Extracted information:
+++++

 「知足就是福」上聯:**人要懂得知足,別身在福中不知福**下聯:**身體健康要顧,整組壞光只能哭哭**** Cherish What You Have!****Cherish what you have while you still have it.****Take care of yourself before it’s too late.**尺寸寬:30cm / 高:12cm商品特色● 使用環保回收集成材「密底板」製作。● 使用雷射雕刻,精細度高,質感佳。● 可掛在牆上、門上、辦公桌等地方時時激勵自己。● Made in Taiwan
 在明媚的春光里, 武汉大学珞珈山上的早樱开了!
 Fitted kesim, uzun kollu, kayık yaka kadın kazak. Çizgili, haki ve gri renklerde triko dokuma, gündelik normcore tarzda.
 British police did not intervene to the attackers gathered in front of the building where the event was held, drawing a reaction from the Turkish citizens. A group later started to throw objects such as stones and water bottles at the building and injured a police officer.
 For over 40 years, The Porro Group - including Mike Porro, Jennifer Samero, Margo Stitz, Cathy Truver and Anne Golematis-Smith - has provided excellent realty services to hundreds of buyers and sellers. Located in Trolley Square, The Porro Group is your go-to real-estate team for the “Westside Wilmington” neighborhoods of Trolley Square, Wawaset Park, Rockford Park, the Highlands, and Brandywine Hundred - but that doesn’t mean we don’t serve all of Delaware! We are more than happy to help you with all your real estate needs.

+++++

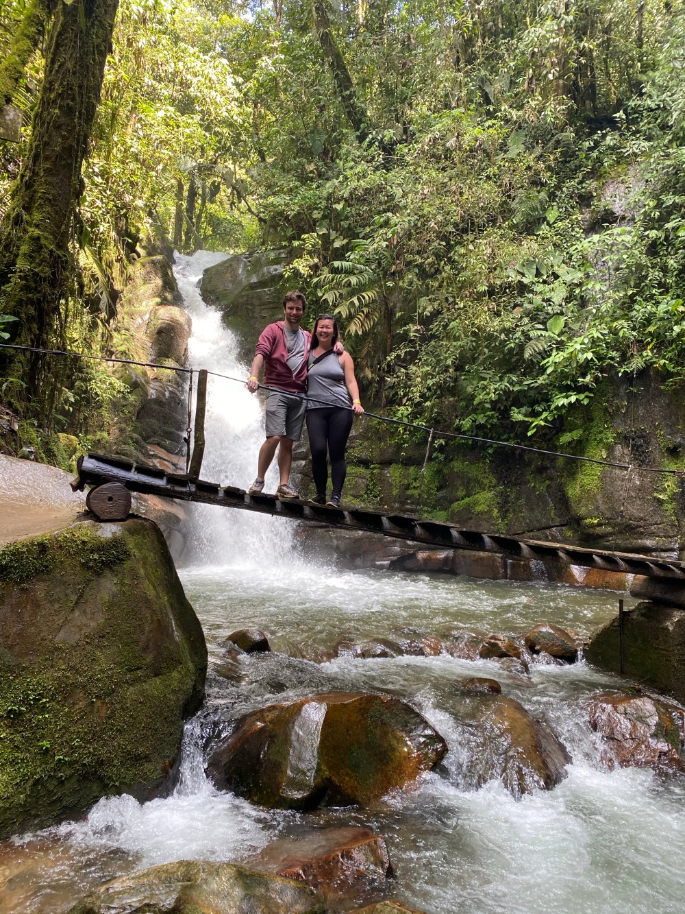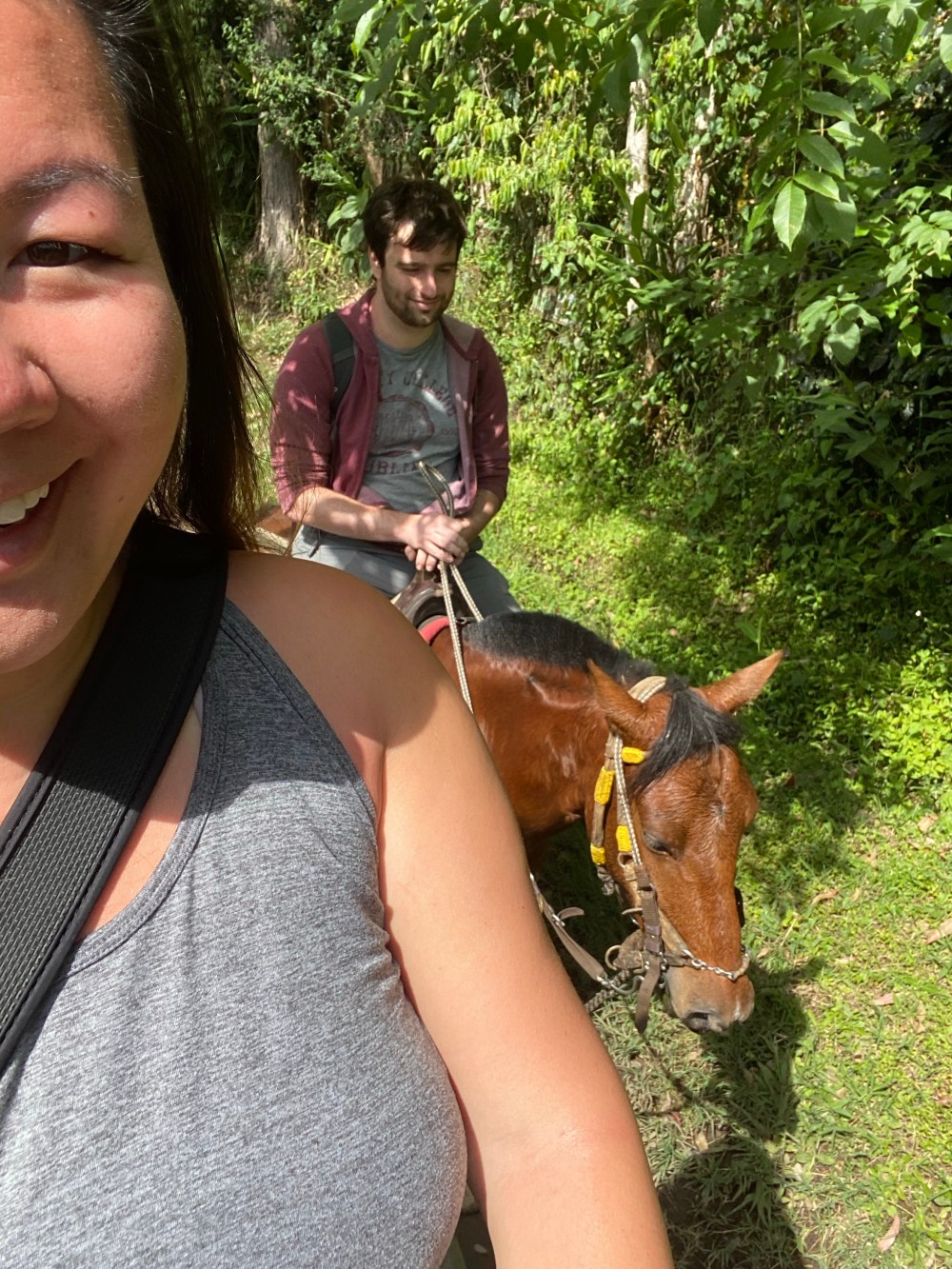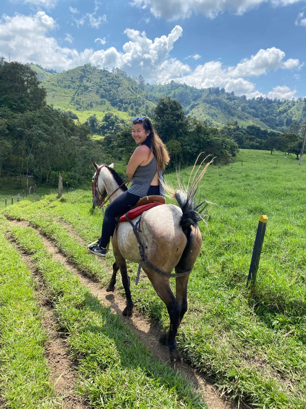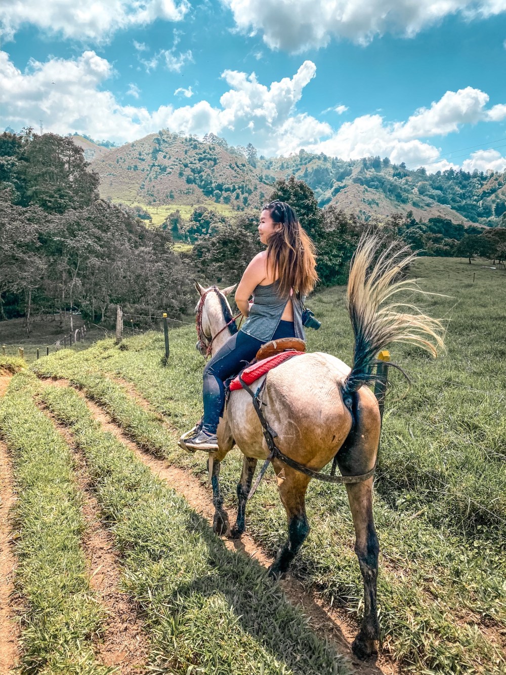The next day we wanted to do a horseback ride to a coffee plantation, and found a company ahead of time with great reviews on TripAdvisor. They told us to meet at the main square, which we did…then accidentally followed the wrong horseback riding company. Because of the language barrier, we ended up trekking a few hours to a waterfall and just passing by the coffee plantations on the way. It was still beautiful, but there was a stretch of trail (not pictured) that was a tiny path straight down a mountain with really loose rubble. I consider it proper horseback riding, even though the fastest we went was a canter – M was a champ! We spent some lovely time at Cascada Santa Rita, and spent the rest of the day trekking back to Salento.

+++++

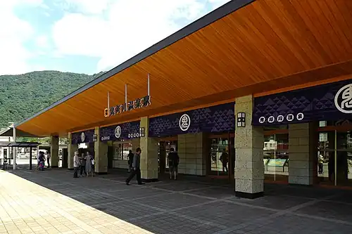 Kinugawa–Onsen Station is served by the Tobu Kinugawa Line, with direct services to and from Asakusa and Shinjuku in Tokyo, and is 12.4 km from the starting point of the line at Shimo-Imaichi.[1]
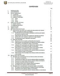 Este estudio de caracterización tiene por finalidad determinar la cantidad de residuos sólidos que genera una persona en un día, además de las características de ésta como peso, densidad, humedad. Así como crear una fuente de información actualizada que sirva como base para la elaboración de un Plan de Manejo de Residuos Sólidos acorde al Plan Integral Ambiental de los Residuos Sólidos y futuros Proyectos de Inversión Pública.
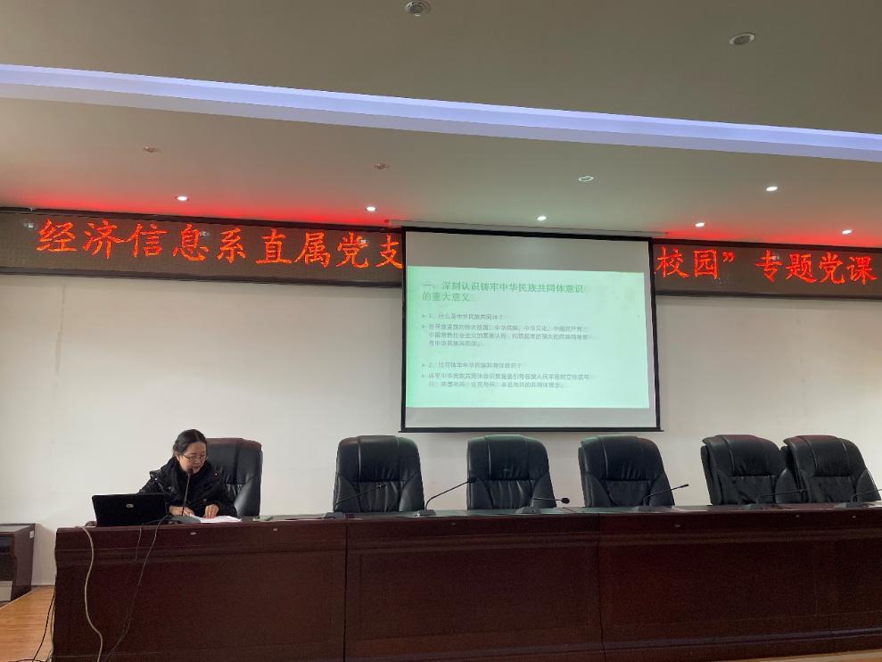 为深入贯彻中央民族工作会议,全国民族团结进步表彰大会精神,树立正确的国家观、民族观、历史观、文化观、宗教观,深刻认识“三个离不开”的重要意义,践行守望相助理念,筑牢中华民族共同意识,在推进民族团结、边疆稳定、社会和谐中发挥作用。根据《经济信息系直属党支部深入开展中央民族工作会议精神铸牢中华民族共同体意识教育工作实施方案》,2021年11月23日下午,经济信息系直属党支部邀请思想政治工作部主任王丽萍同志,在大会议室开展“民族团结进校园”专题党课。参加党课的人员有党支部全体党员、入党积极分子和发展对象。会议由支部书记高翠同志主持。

+++++

Prompt: Using the data above, extract exactly the lines from the one that holds "Made in Taiwan" to the one that holds "Fitted kesim, uzun", both ends included, and no others.

Worked solution:
 「知足就是福」上聯:**人要懂得知足,別身在福中不知福**下聯:**身體健康要顧,整組壞光只能哭哭**** Cherish What You Have!****Cherish what you have while you still have it.****Take care of yourself before it’s too late.**尺寸寬:30cm / 高:12cm商品特色● 使用環保回收集成材「密底板」製作。● 使用雷射雕刻,精細度高,質感佳。● 可掛在牆上、門上、辦公桌等地方時時激勵自己。● Made in Taiwan
 在明媚的春光里, 武汉大学珞珈山上的早樱开了!
 Fitted kesim, uzun kollu, kayık yaka kadın kazak. Çizgili, haki ve gri renklerde triko dokuma, gündelik normcore tarzda.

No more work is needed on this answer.